*** Opening LISTED RECORDS ***

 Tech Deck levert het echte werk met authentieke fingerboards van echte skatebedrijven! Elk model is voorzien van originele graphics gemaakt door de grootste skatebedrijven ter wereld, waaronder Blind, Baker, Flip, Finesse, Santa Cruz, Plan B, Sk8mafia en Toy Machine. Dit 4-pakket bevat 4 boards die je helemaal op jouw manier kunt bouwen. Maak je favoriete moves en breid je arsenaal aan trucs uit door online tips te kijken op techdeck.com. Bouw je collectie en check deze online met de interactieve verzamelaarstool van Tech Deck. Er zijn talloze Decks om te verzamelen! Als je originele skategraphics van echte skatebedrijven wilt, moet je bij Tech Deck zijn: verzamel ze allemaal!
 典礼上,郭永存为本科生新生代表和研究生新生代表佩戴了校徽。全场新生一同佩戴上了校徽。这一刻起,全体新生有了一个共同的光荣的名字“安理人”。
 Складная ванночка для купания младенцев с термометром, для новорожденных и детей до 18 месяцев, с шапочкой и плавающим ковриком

*** Closing LISTED RECORDS ***
*** Opening LISTED RECORDS ***

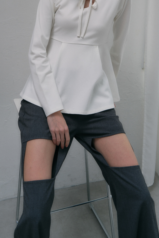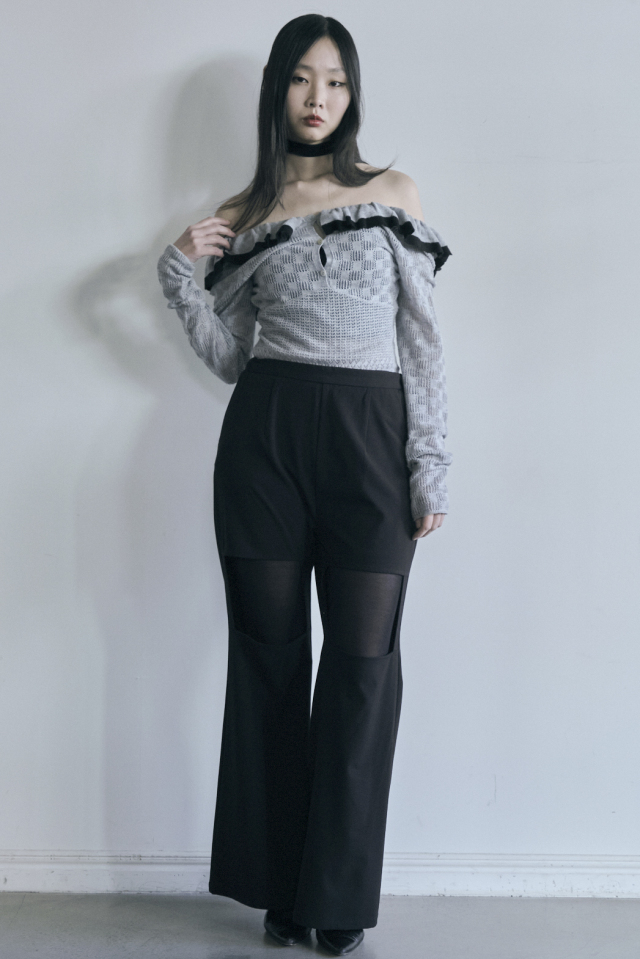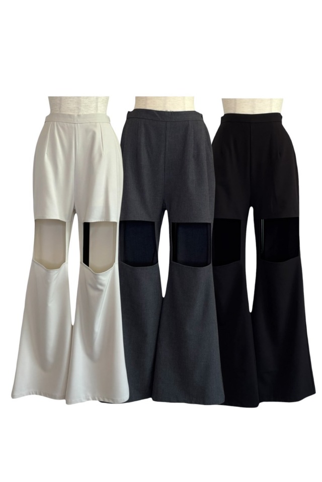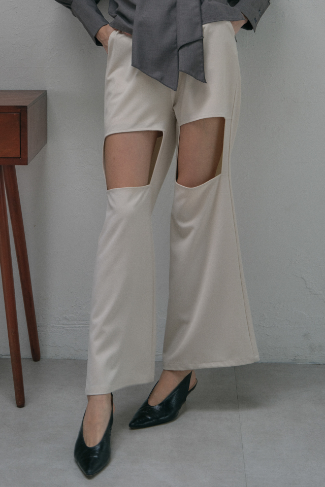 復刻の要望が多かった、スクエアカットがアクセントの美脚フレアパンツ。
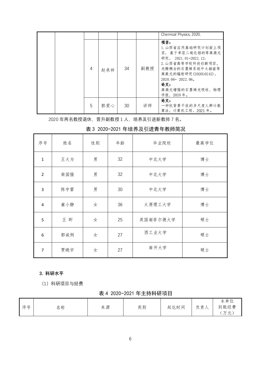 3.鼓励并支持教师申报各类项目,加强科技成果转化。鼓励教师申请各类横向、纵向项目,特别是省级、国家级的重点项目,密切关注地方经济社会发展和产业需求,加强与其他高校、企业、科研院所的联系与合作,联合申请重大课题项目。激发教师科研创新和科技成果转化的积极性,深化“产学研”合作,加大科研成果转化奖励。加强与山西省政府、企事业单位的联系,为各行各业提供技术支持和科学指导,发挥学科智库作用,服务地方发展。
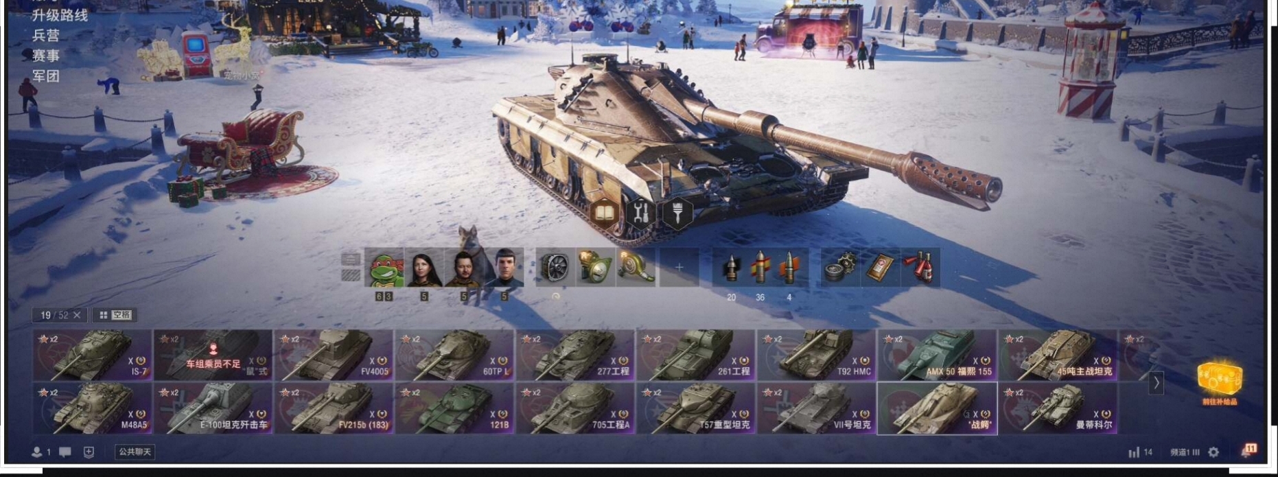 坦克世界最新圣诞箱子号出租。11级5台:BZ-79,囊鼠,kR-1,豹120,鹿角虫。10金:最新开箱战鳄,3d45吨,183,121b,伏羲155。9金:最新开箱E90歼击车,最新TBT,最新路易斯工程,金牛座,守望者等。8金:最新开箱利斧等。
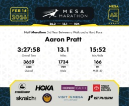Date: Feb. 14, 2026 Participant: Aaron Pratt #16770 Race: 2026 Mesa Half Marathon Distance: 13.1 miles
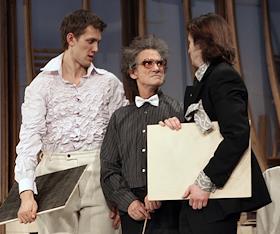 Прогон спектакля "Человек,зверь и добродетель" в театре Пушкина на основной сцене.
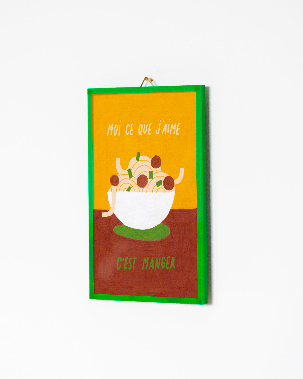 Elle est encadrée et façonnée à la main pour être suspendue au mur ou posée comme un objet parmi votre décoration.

*** Closing LISTED RECORDS ***

TASK REQUIREMENTS: Starting at the line containing "Date: Feb. 14, 2026" and stopping at the line containing "Elle est encadrée", output every line above exactly, both ends included, with pictures omitted.

RESPONSE TO THE TASK:
Date: Feb. 14, 2026 Participant: Aaron Pratt #16770 Race: 2026 Mesa Half Marathon Distance: 13.1 miles
 Прогон спектакля "Человек,зверь и добродетель" в театре Пушкина на основной сцене.
 Elle est encadrée et façonnée à la main pour être suspendue au mur ou posée comme un objet parmi votre décoration.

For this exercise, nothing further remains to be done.